ABSTRACT
The study justifies phrases (instead of words) as the direct constituents of clauses using English academic research articles (RAs) by fitting the Menzerath-Altmann Law (MAL) to the correlations between sentence length (in clause numbers) and clause length (in phrase numbers), and between clause length and phrase length (in word numbers). The study was conducted under the framework of dependency grammar, with a self-built corpus of 104,499 tokens. The results indicate that 1) both correlations abide by the MAL, or abide when excluding the second MAL regime, regardless of part-genres, suggesting that phrases are the appropriate direct constituents of clauses. 2) The increasing MAL fitting curve is found in Abstract, which has the shortest mean dependency distance. 3) Clustering analysis on the MAL parameters in dependency structure can effectively differentiate the size-restricted Abstract from the other part-genres at the lower level, i.e., clause-phrase-word level. Furthermore, our findings have important implications: 1) The second regime may be closely related to text characteristics or linguistic unit levels. 2) The dependency distance minimization effect is possibly a counteractive force against the Menzerathian shortening effect. 3) The competing relationship between clausal and phrasal complexity in RAs is driven by the self-regulating and self-adapting language system.
Disclosure Statement
No potential conflict of interest was reported by the author(s).
Notes
1. NLREG (Nonlinear Regression and Curve Fitting) is available from https://www.nlreg.com.
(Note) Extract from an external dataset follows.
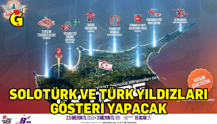TEKNOFEST’ten yapılan açıklamaya göre, katılımın ücretsiz olduğu TEKNOFEST KKTC öncesi, SOLOTÜRK Gösteri Ekibi ve Türk Yıldızları Akrobasi Timi, yarın saat 12.00’de KKTC üzerinde selamlama uçuşları yapacak. Gösteri KKTC’nin sahil hattından izlenebilecekken, tanıklık etmek isteyen tüm halk ve basın mensupları sahil bölgesine davet edildi.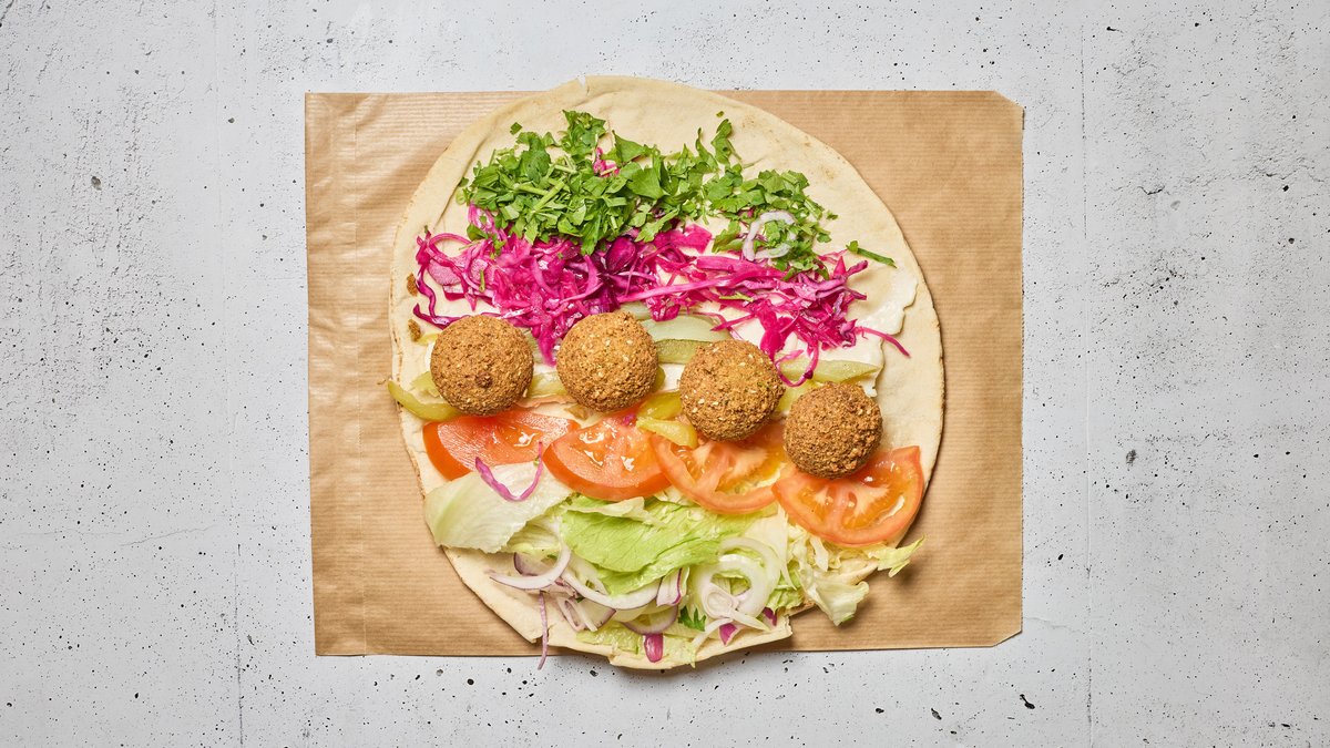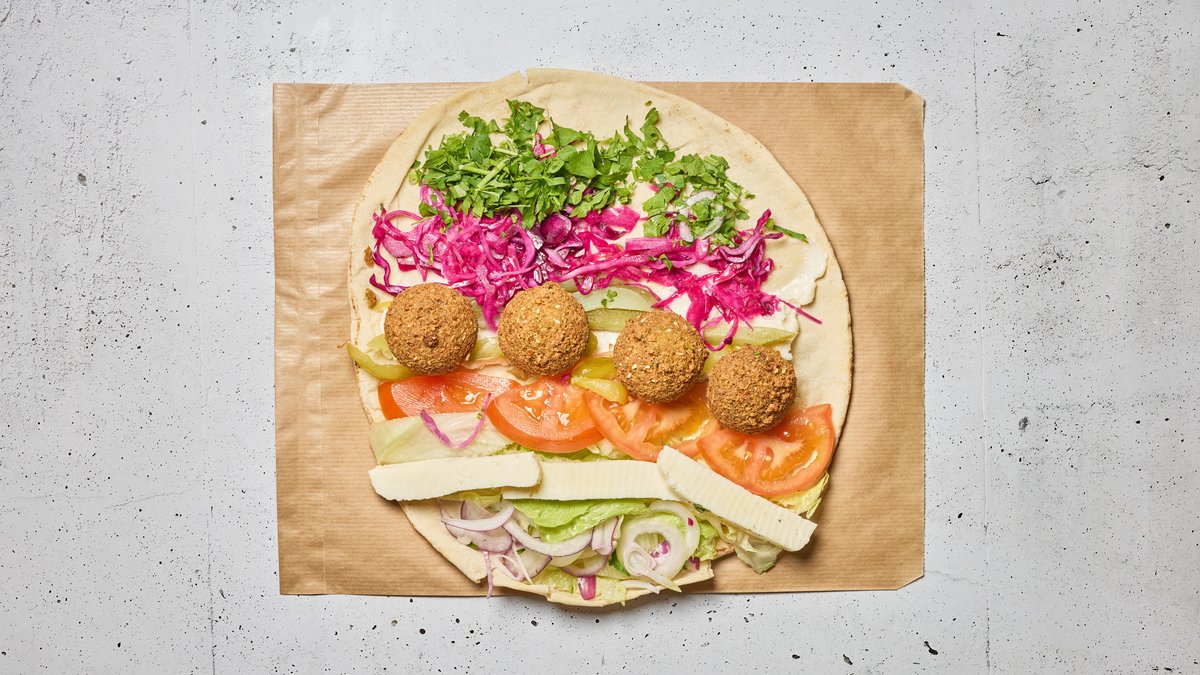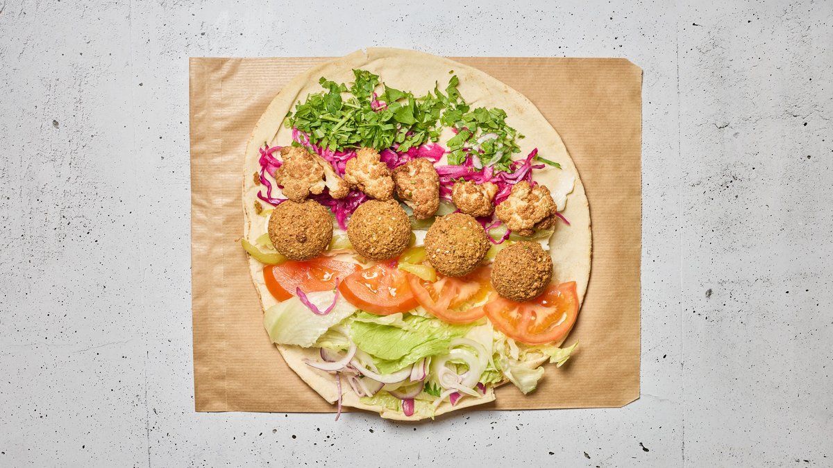 Durumrulle med falafel, aubergine, tomater, syltede agurker, persille, mynte, rødkål og salat, samt valgfri dressing.

2. Mačutek et al. (Citation2017) presented a different picture, in which the fitting curve showed that the phrase length decreased monotonically with the increase of clause length. It should be noted that only main clauses were analyzed in their study. In addition, Mačutek et al. (Citation2021) later pointed out that their statistics in Mačutek et al. (Citation2017) about the phrase length of mono-phrasal clauses should be interpreted with caution because of the Czech language.